* **Dataset**:
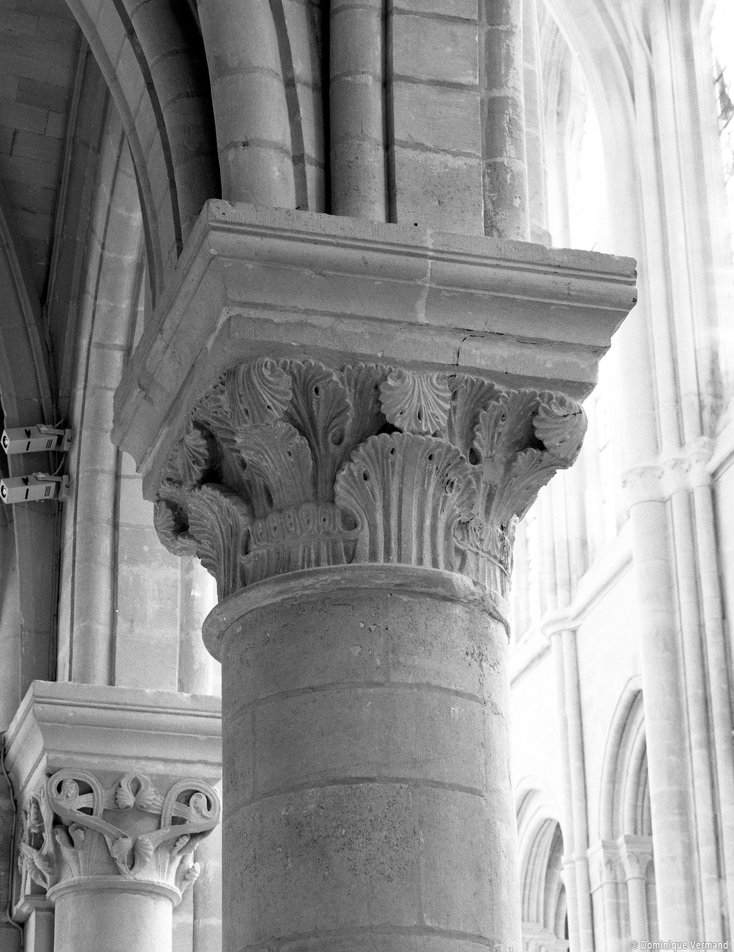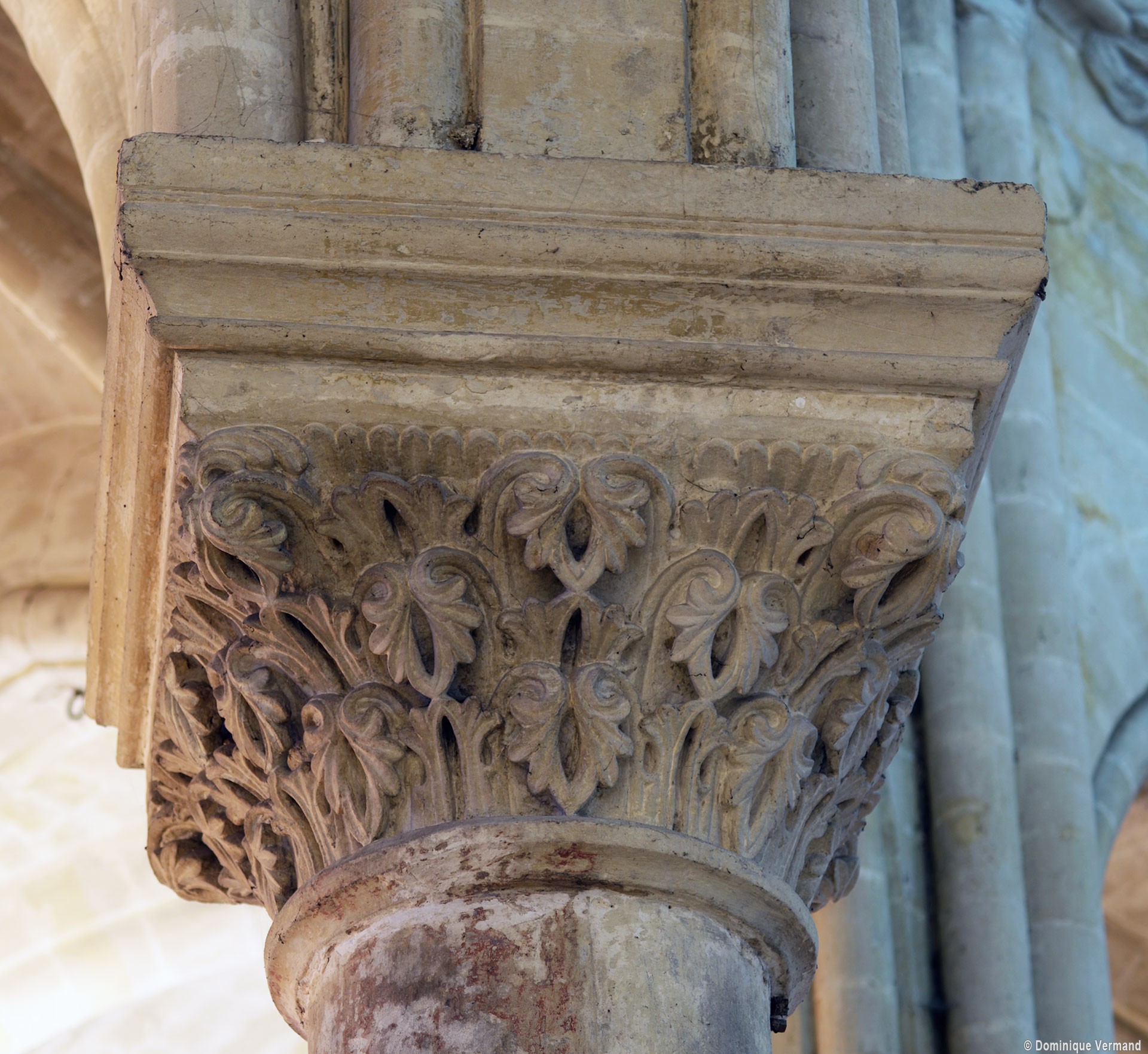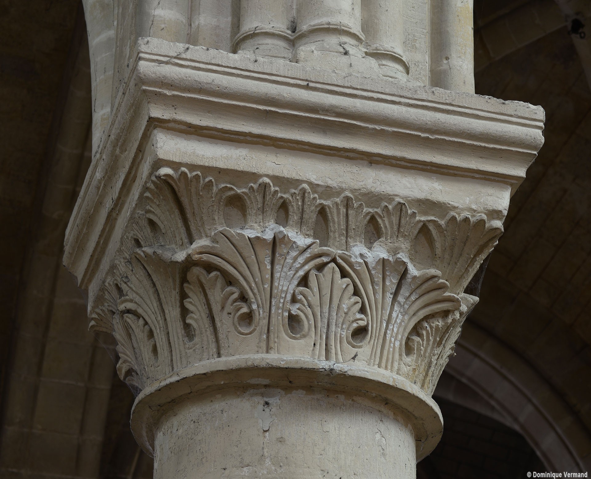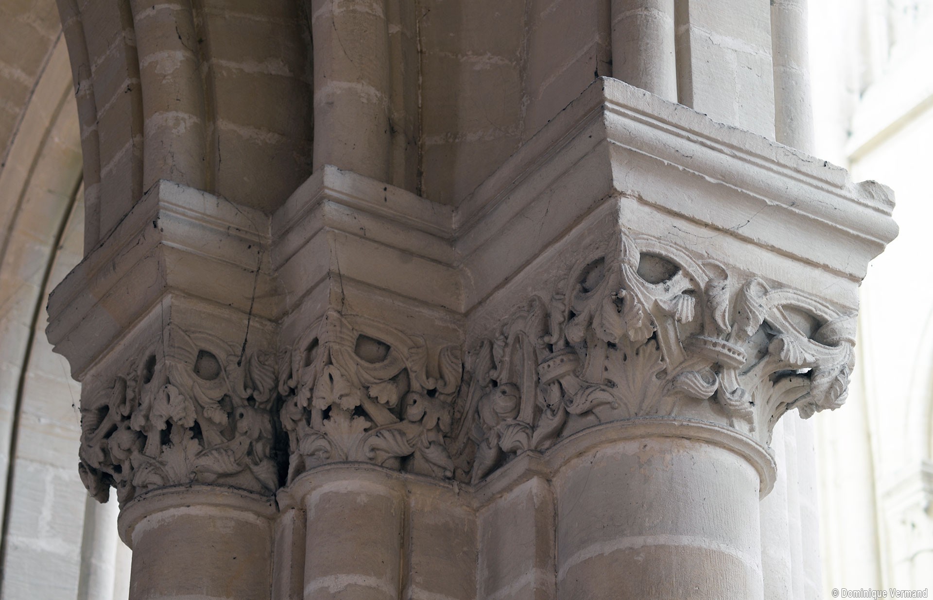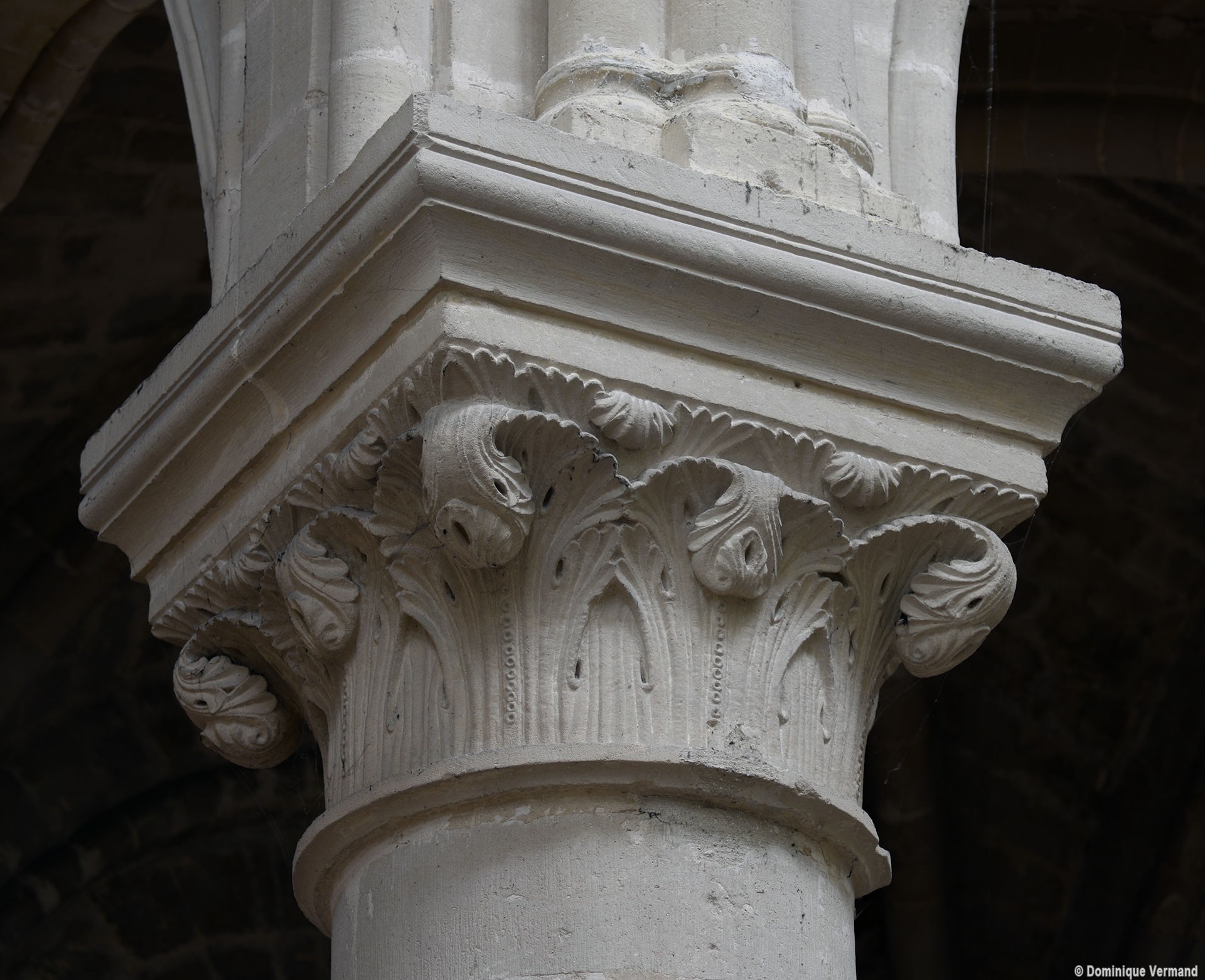 Le choeur du 12ème siècle : les chapiteaux et les bases des parties basses
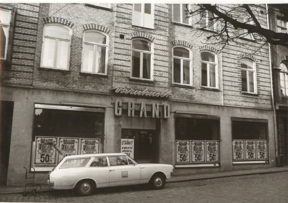 Fotografi som avbildar utsidan av varuhuset Grand och vad som kommer bli Hefomas affär på Stortorget 16 under 1970-talet. Här ser vi fasaden mot Mariakyrkan.
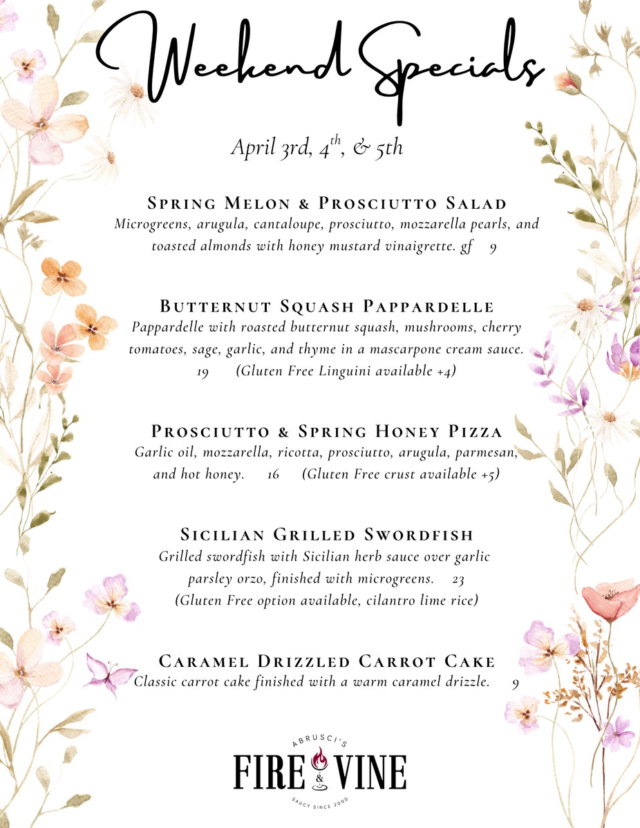 Easter Weekend Dinner Specials
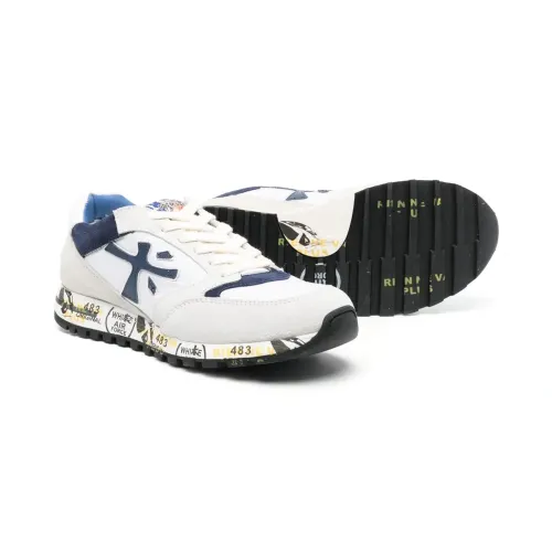 Белый, замшевые вставки, нашивка с логотипом сбоку, нашивка с логотипом на язычке, логотип на подошве, вставки, закругленный носок, шнуровка спереди, стелька с логотипом и плоская резиновая подошва.
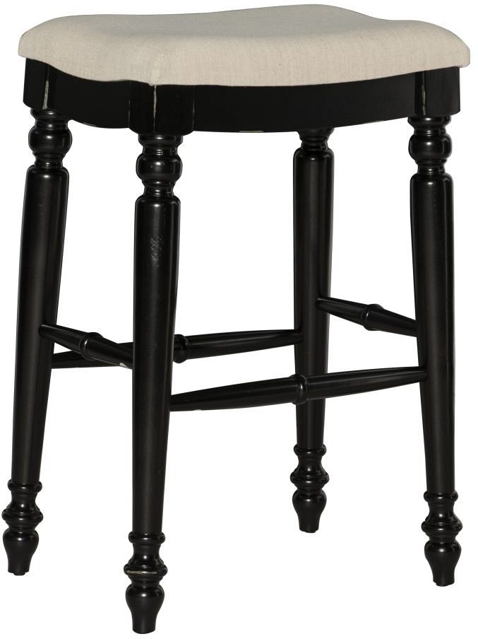 Unique and stylish, this backless bar stool will add eye-catching design to your home bar, kitchen counter or high top table. The backless stool features elegant turned legs and a padded comfortable curved saddle seat. The neutral linen weave 100% polyester fabric complements the antique black finish and is easy to maintain.Read More

* **The task**: Reproduce the entries above word for word. Pictures stay out.

* **Exercise output**:
 Le choeur du 12ème siècle : les chapiteaux et les bases des parties basses
 Fotografi som avbildar utsidan av varuhuset Grand och vad som kommer bli Hefomas affär på Stortorget 16 under 1970-talet. Här ser vi fasaden mot Mariakyrkan.
 Easter Weekend Dinner Specials
 Белый, замшевые вставки, нашивка с логотипом сбоку, нашивка с логотипом на язычке, логотип на подошве, вставки, закругленный носок, шнуровка спереди, стелька с логотипом и плоская резиновая подошва.
 Unique and stylish, this backless bar stool will add eye-catching design to your home bar, kitchen counter or high top table. The backless stool features elegant turned legs and a padded comfortable curved saddle seat. The neutral linen weave 100% polyester fabric complements the antique black finish and is easy to maintain.Read More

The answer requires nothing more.